Zero runtime dependencies for everything except XPath (opt-in extra).
Pure Python, >= 3.8. Lazy slicing — large documents stay cheap.

Installation

pip install markdown-extractor

For XPath support on to_html():

pip install markdown-extractor[xpath]

From a local checkout:

pip install -e .

Quick start

from markdown_extractor import MDExtractor

md = """
# Section 1
Some content here.

- **Lightweight** — small footprint.
- *Flexible* — extensible by design.
- `Tested` — full coverage.

## Subsection 1.1
More details.

## FAQ
- **Which versions are supported?**

    Versions 1.0 and up.
- **Where do I report bugs?**

    Open an issue on GitHub.
"""

e = MDExtractor(md)

e["Section 1"]                       # bracket access by title
e["Section 1"]["Subsection 1.1"]     # nested
e.get("Section 1", "Subsection 1.1") # multi-step (soft — see below)
e.list()                             # ['Section 1']
e[""]                                # synthetic root: the whole document

Every example below uses this same md.
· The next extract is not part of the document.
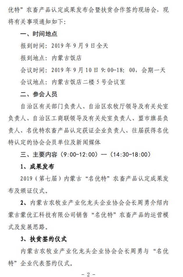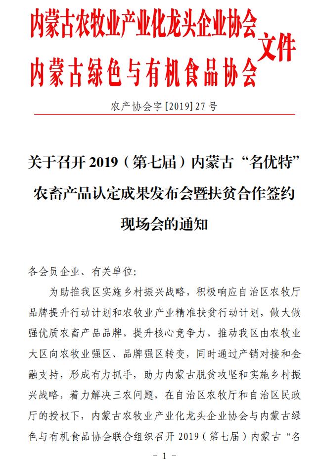 關(guān)于召開 2019(第七屆)內(nèi)蒙古“名優(yōu)特” 農(nóng)畜產(chǎn)品認(rèn)定成果發(fā)布會暨扶貧合作簽約 現(xiàn)場會的通知
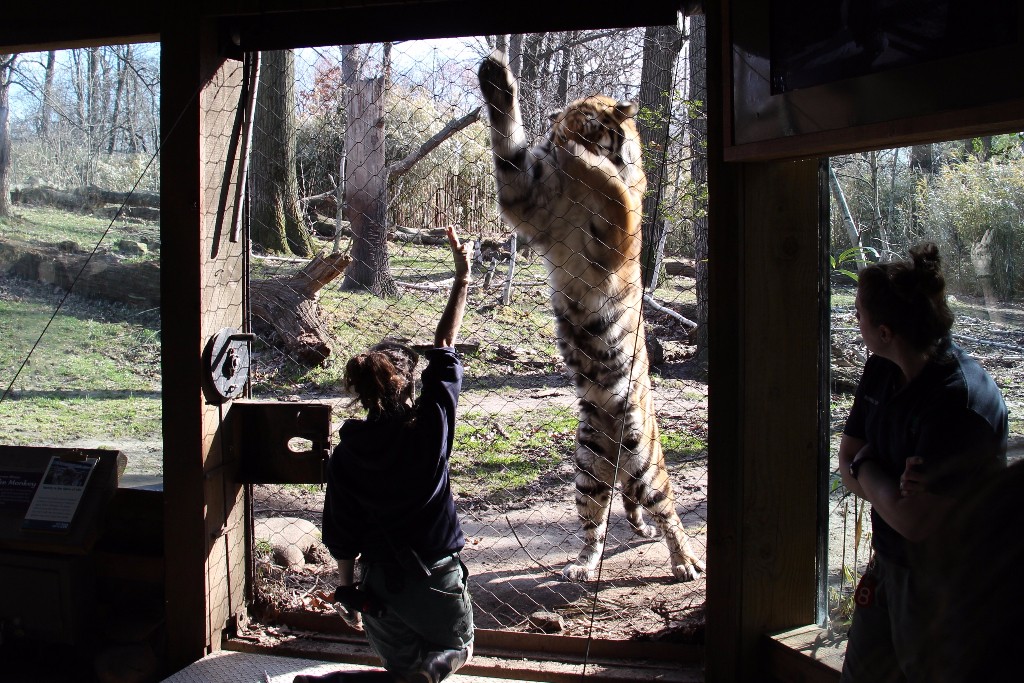 Posted by Craig KnebelThe seventh grade travelled to the Bronx Zoo to wrap up a unit on genetic evolution and natural selection. Students attended a robust presentation on adaptations of predators and prey by zoo naturals. They then took an animal behaviors tour in the zoo focussing again on adaptations and finished with a rare tiger training demonstration by Mr. Knebel’s zookeeper niece who works at the zoo training wild tigers to follow directions. This training helps reduce boredom in the cats, and gives them a red meat treat.

Load straight from disk instead:

e = MDExtractor.from_file("docs/guide.md")

Navigating the header tree

Strict access — `[]` / `get_section()`

e["Section 1"]                          # KeyError if missing
e.get_section("Section 1", "Sub 1.1")   # KeyError if any title is missing
"Section 1" in e

Soft access — `get()`

get() walks the same path but returns a null section sentinel instead of raising when something is missing. The sentinel is falsy and its renderer methods all return empty values, so chains stay safe:

e.get("Section 1", "Subsection 1.1").to_list()   # works
e.get("Nope", "Anything").to_list()              # []  — no exception
e.get("Nope").to_html()                          # ""
e.get("Nope").to_dict()                          # {'title':'', 'level':0, ...}

if not e.get("Optional Section"):
    print("section absent")

Use []/get_section() when you want missing keys to fail loudly; use get() when you want to flow through to an empty result.

Discovery

e.list()                              # immediate child titles
e["Section 1"].list()                 # children of "Section 1"
e.find("Subsection 1.1")              # every section with that title
e.walk()                              # depth-first iterator over every header
e.tree()                              # ASCII tree of the whole document

Reading a section's body

Every Section parses its own body lazily into a tree of blocks (paragraphs / lists / list items / code / blockquote). This view is what powers to_list, to_dict, to_html, and to_text.

s = e["Section 1"]

s.blocks       # the parsed Block tree (lazy, cached)
s.text         # raw prose, no header line, no subsections
s.body         # raw prose + nested subsections
s.content      # the full slice including the header line

Reaching a single block — `block()` and `text_plain`

When you've isolated a single piece of text inside the block tree, Block.text_plain strips the inline Markdown markers so you don't have to round-trip through to_text():

s.blocks[1].children[1].text          # '*Flexible* — extensible by design.'
s.blocks[1].children[1].text_plain    # 'Flexible — extensible by design.'

block.text is kept raw on purpose — to_dict() / to_json() is a lossless round-trip of the source. text_plain is the on-demand plain-text view.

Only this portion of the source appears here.